A nice place to visit…

National Review, March 16, 1992 by Andrew Gimson

NORTHERN Ireland is an excellent place to go on holiday. The people are some of the staunchest and most civil in the world. Much of the coastline is miraculously beautiful. Above all, there aren't many tourists.

Except potilical tourists, who put the others off by sending home tales of barbarism. The political sector of the industry has flourished since the late Sixties, when the present troubles broke out. It declined in the first half of the Eighties (when the number of deaths from terrorism fell to a quarter of the level of a decade before), but has since revived.

Special events are arranged for political tourists. On the night I arrived in Belfast, there was a controlled explosions outside my hotel, a scruffy establishment near Queen's University called the York, in order to prevent a four-hundred-pound IRA bomb from going off.

The following morning I walked round the corner to Sean Graham's betting shop in the Ormeau Road. It was shut. A pile of half-wilted flowers lay on the pavement outside, in memory of five Roman Catholic civilians who were murdered when two Protestant gunmen walked in. A wounded survivor sais: "It was like a butcher's shop in there. There was blood everywhere. They just came in and opened up on everybody."

This atrocity was committed in revenge for the massacre by teh IRA of eight Protestant workmen in County Tyrone the previous month. There have been over thirty deaths from terrorism this year, worse than in any equivalent period since 1976. It is worth bearing in mind that the population of Northern Ireland is only 1.5 million.

To get to my next appointment, I took a taxi driven by an ardent nationalist. He claimed the British government would have to start talking to the IRA, who, he said, represented the Irish people's views much more accurately than the party of constitutional nationalism in the North, the SDLP.

I said this was interesting, but, if true, why did the IRA's political wing, Sinn Fein, gain such a derisory vote (in low single figures) in elections in the Irish Republic? The taxi driver agreed with sadness that this was so: "Nobody's got a good deal of confidence in the Republic. To be honest with you, I think they're sitting on their hands. They don't really want anything to do with us."

From my own visits to Dublin, I can confirm this to be the case. People in the South retain a strong emotional attachment to a united Ireland, and their constitution still lays claim to the whole island, but most of them would be horrified if they looked like getting it. As early as 1974, the then Prime Minister of the Republic, Liam Cosgrave, observed that violence in the North was "killing the desire for unity."

Even if the British withdrew, it is improbably that unity would result. There would, instead, be a civil war in the North which would make the present trouble look trivial, and would probably destabilize the whole island. That apart, Southerners have two other motives for hostility to a united Ireland. One is that in order to accommodate a million Northern Protestants, the Irish Republic would have to become a much less Roman Catholic and (would-be) Gaelic state. The other is that the North's economy would collapse without the large annual subsidies paid by Britain.

So Irish unity is in practice out of the question, however logical it may seem to politicians in London or Washington. This is disappointing for Northern nationalists, but their distress is mirrored by the sense of betrayal felt by unionists.

For if Dublin does not want Northern Ireland, neither does London. The province's unionists know that the British government wishes, in its heart of hearts, it could wriggle out of its obligation to maintain the United Kingdom of Great Britain and Northern Ireland. London and Dublin are at one in wanting to have as little to do with the place as they decently can.

For the unionists, the most grievous betrayal in recent years was the signing, in November 1985, of the Anglo-Irish Agreement between London and Dublin, which for the first time gave the Republic a formal, albeit largely nominal, say in the affairs of the North. The unionist's political leaders, supported by a clear majority of the province's population, were implacably opposed to this development. They were ignored.
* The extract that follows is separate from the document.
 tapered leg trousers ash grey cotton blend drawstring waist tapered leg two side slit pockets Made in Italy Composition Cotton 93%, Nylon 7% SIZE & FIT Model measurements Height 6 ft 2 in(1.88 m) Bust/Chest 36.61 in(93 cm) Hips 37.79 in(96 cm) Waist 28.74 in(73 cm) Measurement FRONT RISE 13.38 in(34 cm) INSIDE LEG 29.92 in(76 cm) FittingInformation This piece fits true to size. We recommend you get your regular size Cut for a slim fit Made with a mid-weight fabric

The message to unionists was clear. Political activity was useless. The British government had introduced the Agreement as a concession to constitutional nationalism, because behind the nationalists lay a group of dedicated terrorists, the IRA. The unionist cause would have to receive similar backing or it would remain disregarded.
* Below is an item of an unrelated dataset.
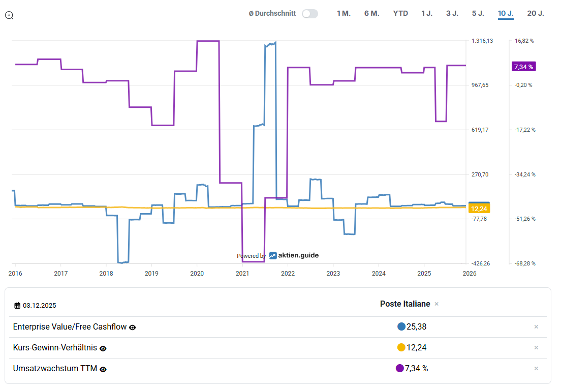 Die Wachstumsprognosen untermauern die positive Einschätzung. Zwar sinkt das erwartete Umsatzwachstum von jüngst 7,3 Prozent auf 2,2 Prozent, was eine Normalisierung der Wachstumsdynamik andeutet. Viel wichtiger und erfreulicher für Anleger ist jedoch die Prognose, dass der Nettogewinn deutlich zweistellig zulegen soll, mit einem erwarteten Plus von 15,3 Prozent. Diese Diskrepanz zwischen Umsatz- und Gewinnwachstum ist ein starkes Zeichen für eine verbesserte operative Effizienz und eine gestärkte Profitabilität des Unternehmens. Gleichzeitig dürfte das langfristig nur moderate Wachstum aber einer der Hauptgründe dafür sein, dass die Bewertung so niedrig ausfällt. Auch wirken sich makroökonomische Unsicherheiten belastend aus. Hohe geopolitische Spannungen, Schwankungen im internationalen Handel, die volatile Konjunktur in Italien und global erhöhen das wahrgenommene Risiko und dämpfen die Bewertung. Drittens stehen strukturelle Herausforderungen im Kerngeschäft der Post- und Logistikdienstleistungen im Raum. Der traditionelle Briefversand befindet sich im langfristigen Rückgang, und die Transformation hin zu einer stärker parcel- und digitalorientierten Logistik erfordert Investitionen und trägt kurzfristig zu einer vorsichtigen Marktbeurteilung bei. Schließlich könnte die aktuelle Bewertung auch durch konservative Erwartungen hinsichtlich der langfristigen Wachstumsraten in den Finanz- und Versicherungssegmenten beeinflusst sein, obwohl diese Bereiche weiterhin stabile Cashflows und attraktive Gewinnsteigerungen liefern.
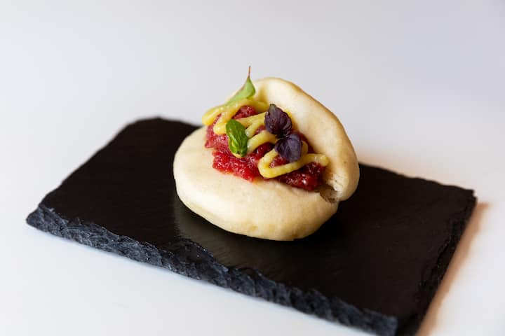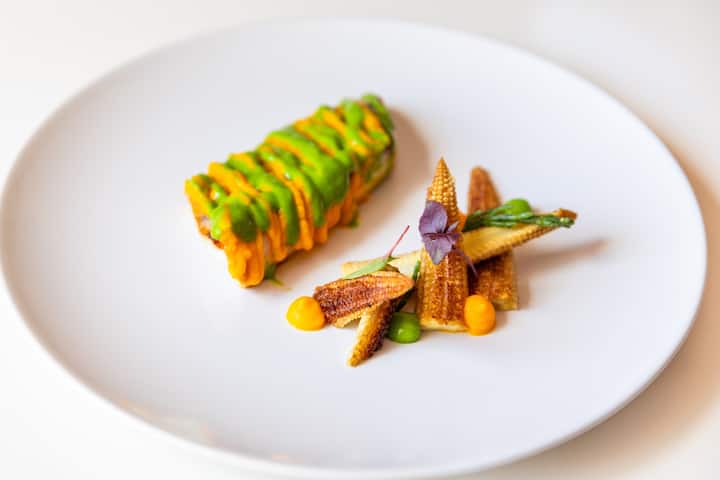Um percurso de degustação gourmet de 5 pratos à base de carne e legumes da estação

The Agreement promotes such calculations by terrorists on both sides, and must therefore be blamed for the marked resurgence of violence since 1985. It is a fatally ambiguous document which tries to satisfy the aspirations of nationalists and unionists, and therefore satisfies neither. A middle-class unionist told me it was "gutless, mealy-mouthed, a constitutional monstrosity, like giving the Mexican government a formal say in the affairs of California."